Recently, I was discussing with my friend at Bosch regarding the fuel consumed while coasting in gear. It was then he mentioned that, there are 7 types of injection in a Common rail diesel injection system.

Broadly classified into three.
  • Pre
  • Main
  • Post
Pre: Mostly, there are 3 types of pre injection. One of it is pilot injection. The pilot injection (as I was told) was to create a perfect burning environment for the main injection. And to avoid any hot spots and make the combustion even. Another type of pre injection is used to (As I was said) control the NVH of the engine (I'm unclear of this).

Main: As termed, the main injection, which causes the combustion.

Post: Again, mostly, there are 3 types of post injection. I'm not so clear on this regard, but then, the post injections are used to regulate dpf, and also said to be used to control the temperature.

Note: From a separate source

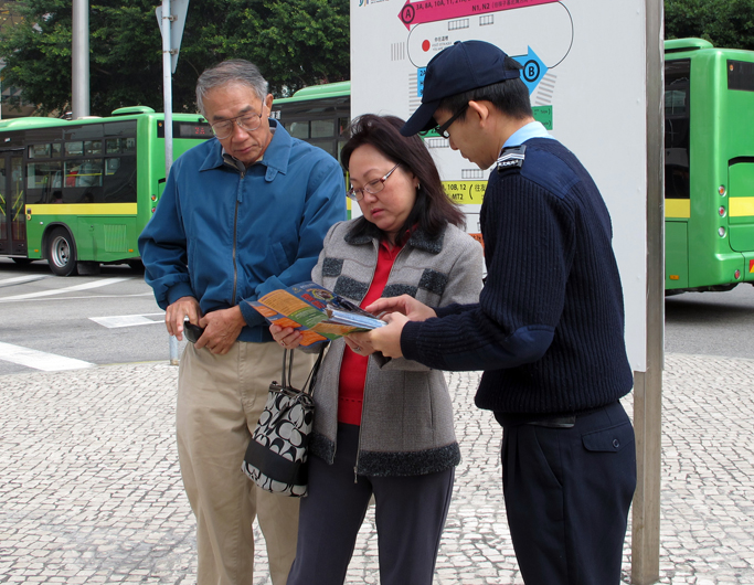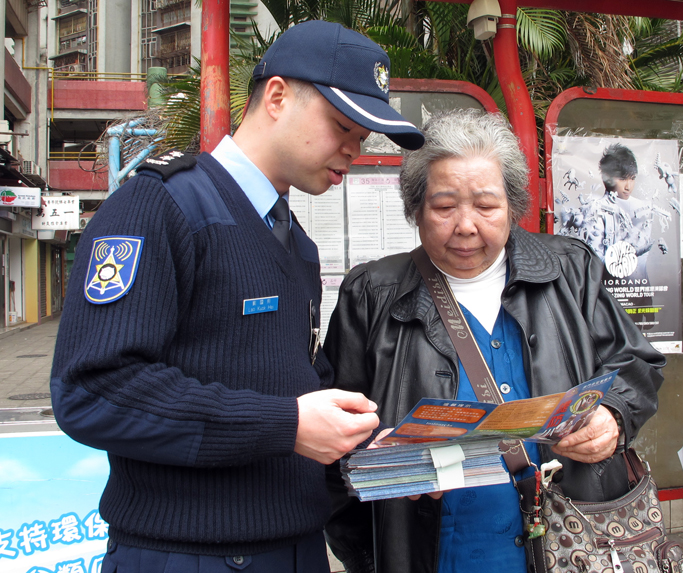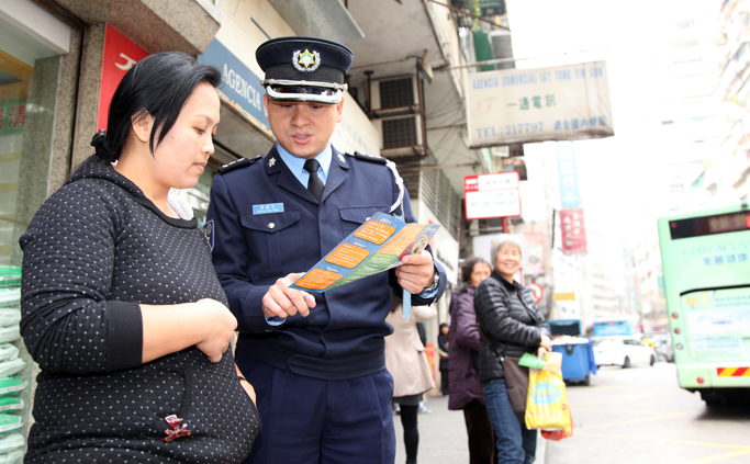 今天上午,本局行動廳副警司黃超文、劉國熙,以及宣傳人員一行8人,分成兩小隊在澳門及離島共八個主要巴士站點進行防扒宣傳,包括關閘巴士總站、十六浦、亞馬喇迴旋處、氹仔新世紀迴旋處、馬會前地、提督馬路、筷子基、高士德馬路等地點巴士站及鄰近範圍。是次宣傳活動是配合近日冬防行動而進行,同時考慮到去年街道及巴士扒竊情況,本局錄得2011年的巴士盜竊個案比對前一年由98宗上升至210宗,故此持別在歲晚加強宣傳。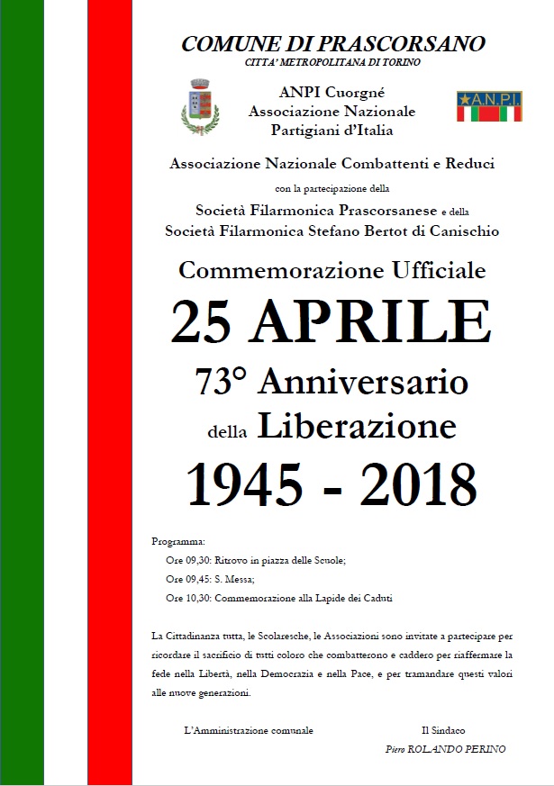 La Cittadinanza tutta, le Scolaresche, le Associazioni sono invitate a partecipare per ricordare il sacrificio di tutti coloro che combatterono e caddero per riaffermare la fede nella Libertà, nella Democrazia e nella Pace, e per tramandare questi valori alle nuove generazioni.

And also, while coasting, if there is any kind of injection, then its post injection.

...

No discussion of CRDI (widely considered the most advanced at this time) will be complete without mentioning its closest competitor - Unit Injection

This is still a direct injection technology and apparently generates higher pressures than Common-Rail at the moment.

Where it loses out at the moment is in that it has no capability of multiple injections (only common rail has it) and hence on-car ignition optimisation is possible to a far smaller degree than for common rail.


Gurus may kindly add more comments.

Last edited by GTO : 3rd July 2011 at 20:40. Reason: Please use the EDIT or MULTI-QUOTE buttons instead of typing back to back posts.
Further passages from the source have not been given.